Assignment:
A word-for-word copy of the data is what's wanted, with no pictures.
***** Listed entries
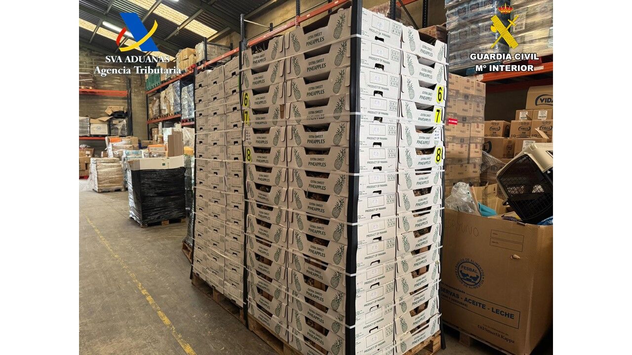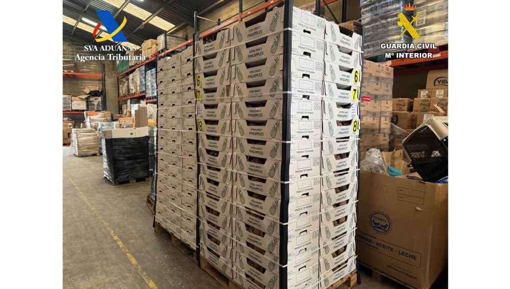 Una operación conjunta de la Guardia Civil y del Servicio de Vigilancia Aduanera de la Agencia Tributaria ha permitido la incautación de un alijo de más de 300 kilos de cocaína que entró en España por el puerto de València. La droga iba oculta en la estructura de un contenedor cargado de piñas que llegó a la ciudad del Turia el pasado 3 de enero procedente de Panamá. Los agentes de ambos cuerpos montaron un operativo de seguimiento y detuvieron a dos personas en el momento en que extraían la cocaína del contenedor en un polígono de la localidad barcelonesa de Els Mojons.
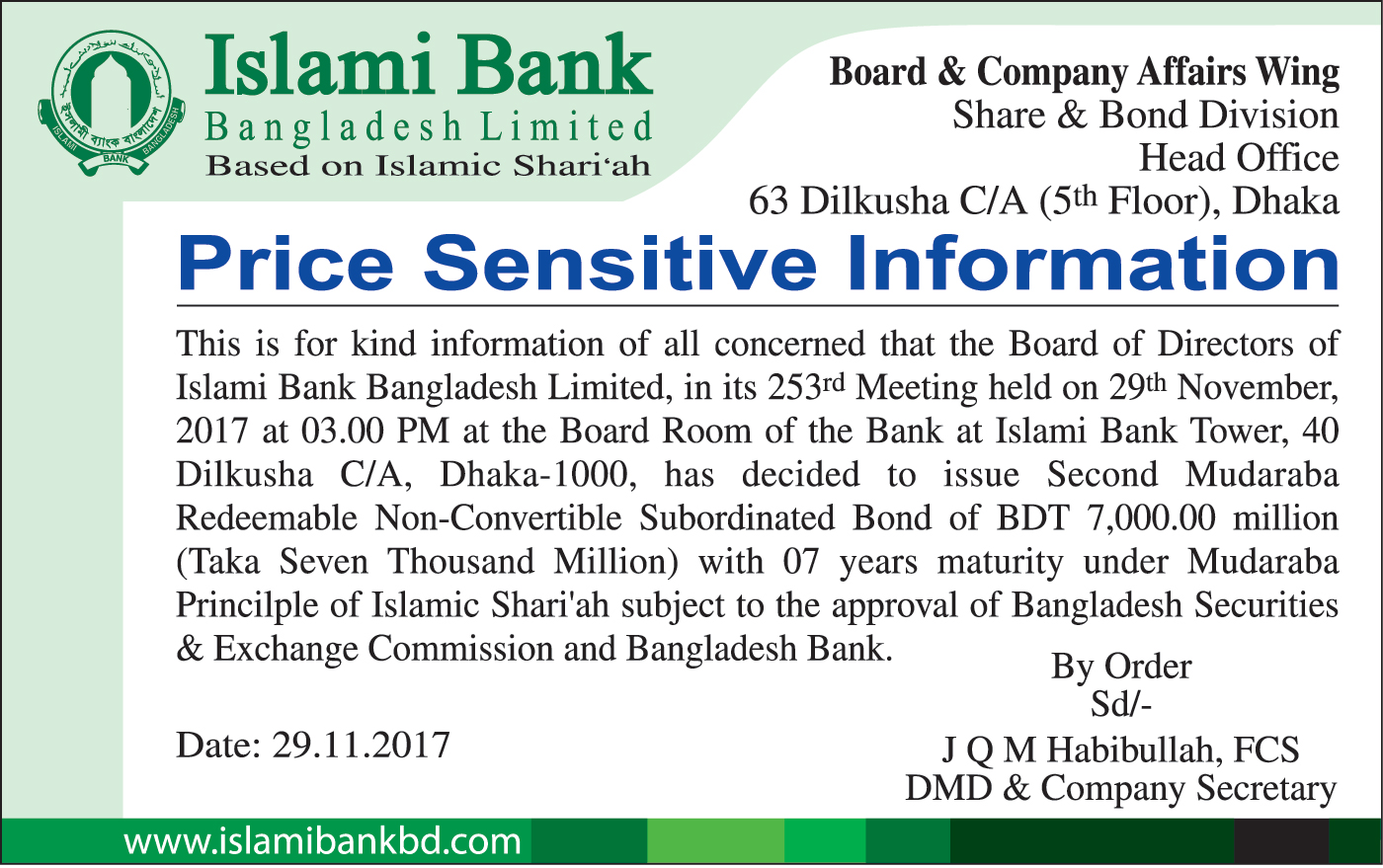 Islami Bank Bangladesh Ltd. Price Sensitive Information
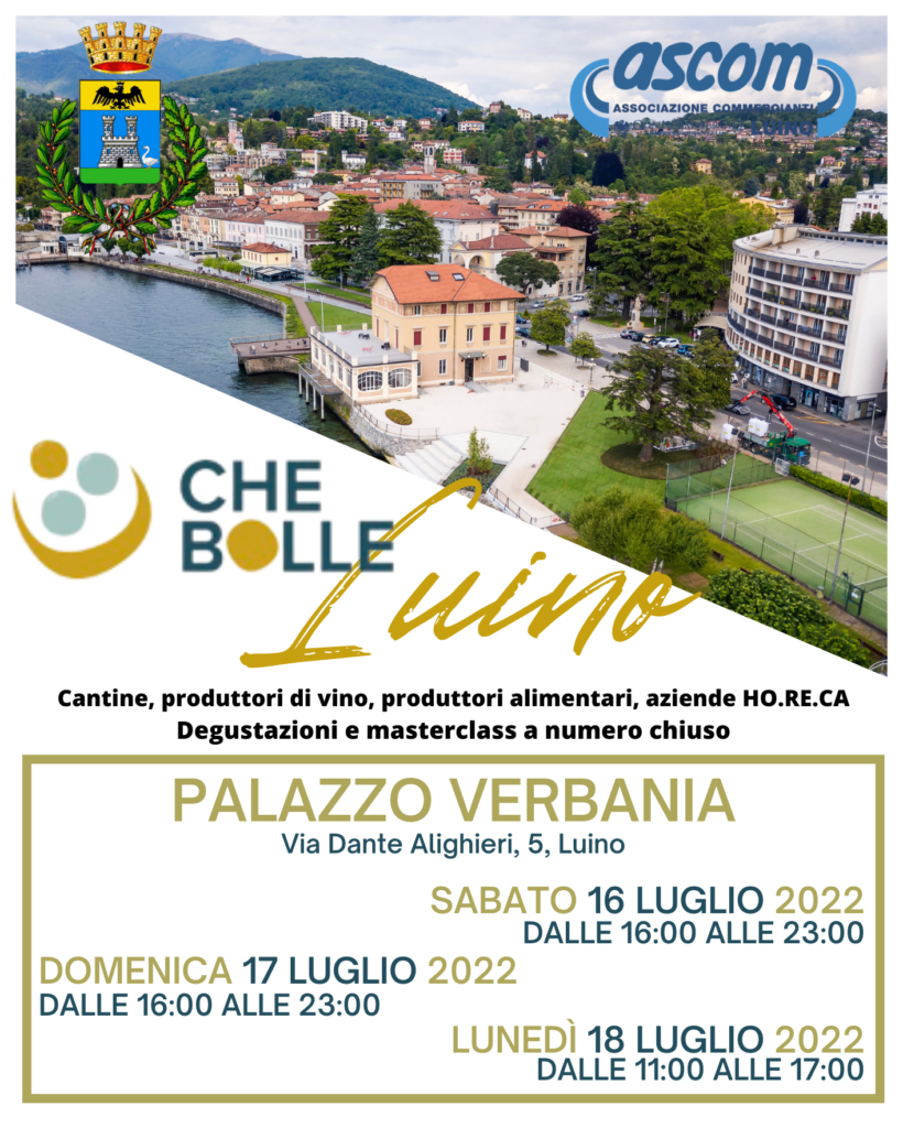 Luino Che Bolle… ma non solo! Una manifestazione che riporta il vino anche al suo carattere originario di elemento portante della tavola: degustazioni, prodotti alimentari tipici, abbinamenti, cucina e tutto il variegato mondo enogastronomico di cui sono ricche tutte le regioni italiane.
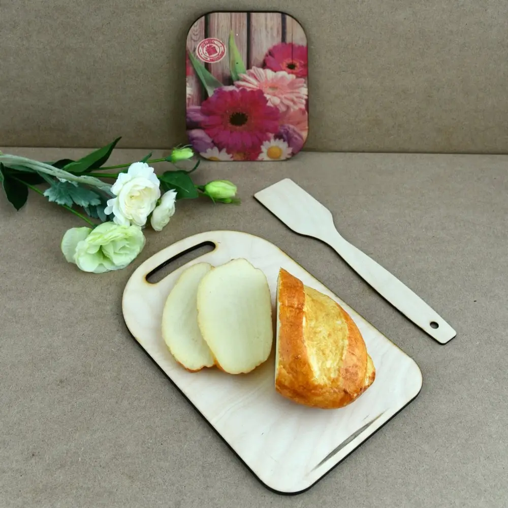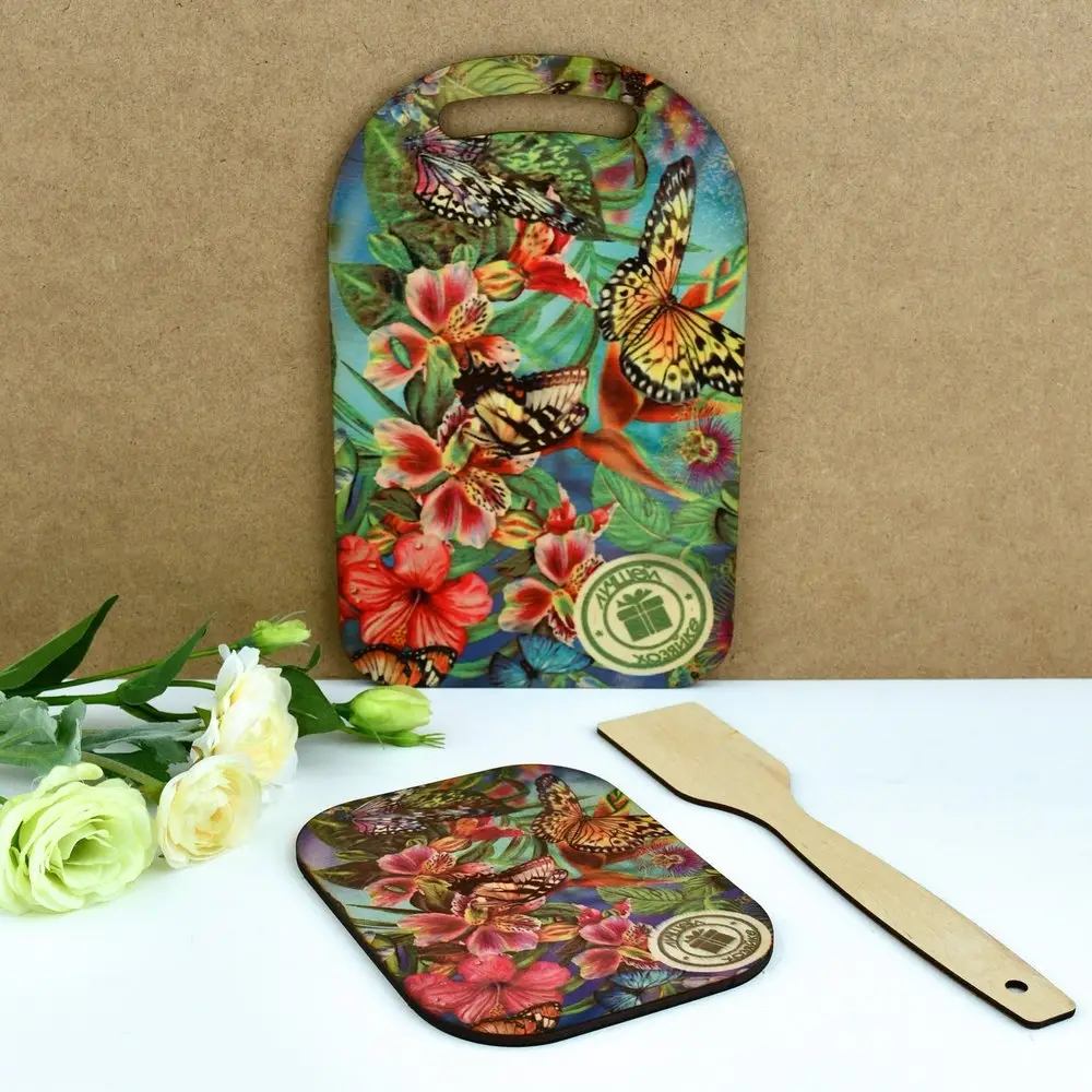 Декорированная, с одной стороны, доска может стать прекрасным подарком и достойным украшением интерьера кухни, столовой, гостиной. Подставка предназначена для защиты поверхности стола от пятен, царапин и обладает термоизолирующим свойством. Лопатка незаменима для перемешивания и переворачивания готовящихся блюд.
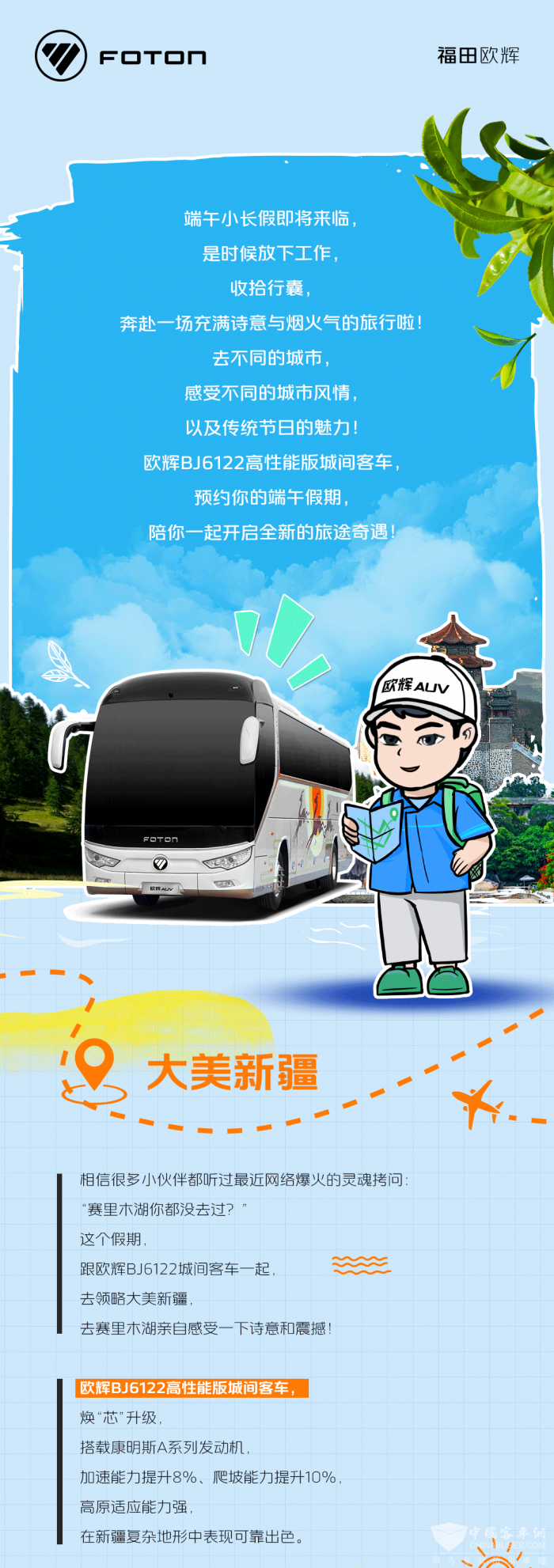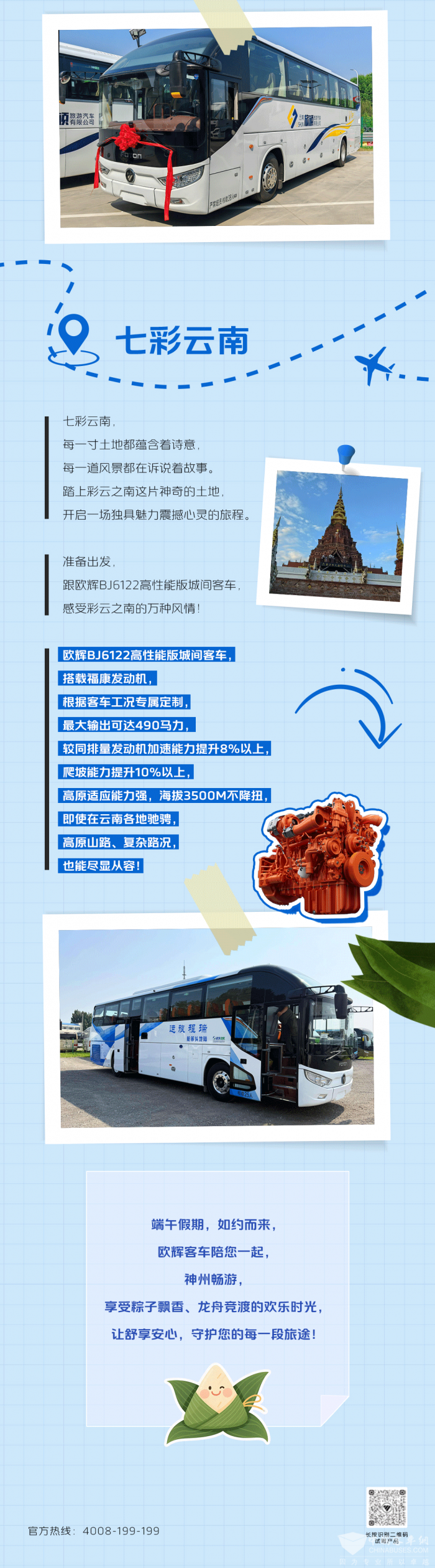 端午小长假即将来临,是时候放下工作,收拾行囊,奔赴一场充满诗意与烟火气的旅行啦!去不同的城市,感受不同的城市风情,以及传统节日的魅力!欧辉BJ6122高性能版城间客车,预约你的端午假期,陪你一起开启全新的旅途奇遇!
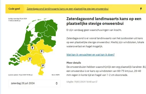 Code geel gaat in van zaterdagmiddag 17.00 uur en loopt af op 00.00 uur.
**********
Task answer:
 Una operación conjunta de la Guardia Civil y del Servicio de Vigilancia Aduanera de la Agencia Tributaria ha permitido la incautación de un alijo de más de 300 kilos de cocaína que entró en España por el puerto de València. La droga iba oculta en la estructura de un contenedor cargado de piñas que llegó a la ciudad del Turia el pasado 3 de enero procedente de Panamá. Los agentes de ambos cuerpos montaron un operativo de seguimiento y detuvieron a dos personas en el momento en que extraían la cocaína del contenedor en un polígono de la localidad barcelonesa de Els Mojons.
 Islami Bank Bangladesh Ltd. Price Sensitive Information
 Luino Che Bolle… ma non solo! Una manifestazione che riporta il vino anche al suo carattere originario di elemento portante della tavola: degustazioni, prodotti alimentari tipici, abbinamenti, cucina e tutto il variegato mondo enogastronomico di cui sono ricche tutte le regioni italiane.
 Декорированная, с одной стороны, доска может стать прекрасным подарком и достойным украшением интерьера кухни, столовой, гостиной. Подставка предназначена для защиты поверхности стола от пятен, царапин и обладает термоизолирующим свойством. Лопатка незаменима для перемешивания и переворачивания готовящихся блюд.
 端午小长假即将来临,是时候放下工作,收拾行囊,奔赴一场充满诗意与烟火气的旅行啦!去不同的城市,感受不同的城市风情,以及传统节日的魅力!欧辉BJ6122高性能版城间客车,预约你的端午假期,陪你一起开启全新的旅途奇遇!
 Code geel gaat in van zaterdagmiddag 17.00 uur en loopt af op 00.00 uur.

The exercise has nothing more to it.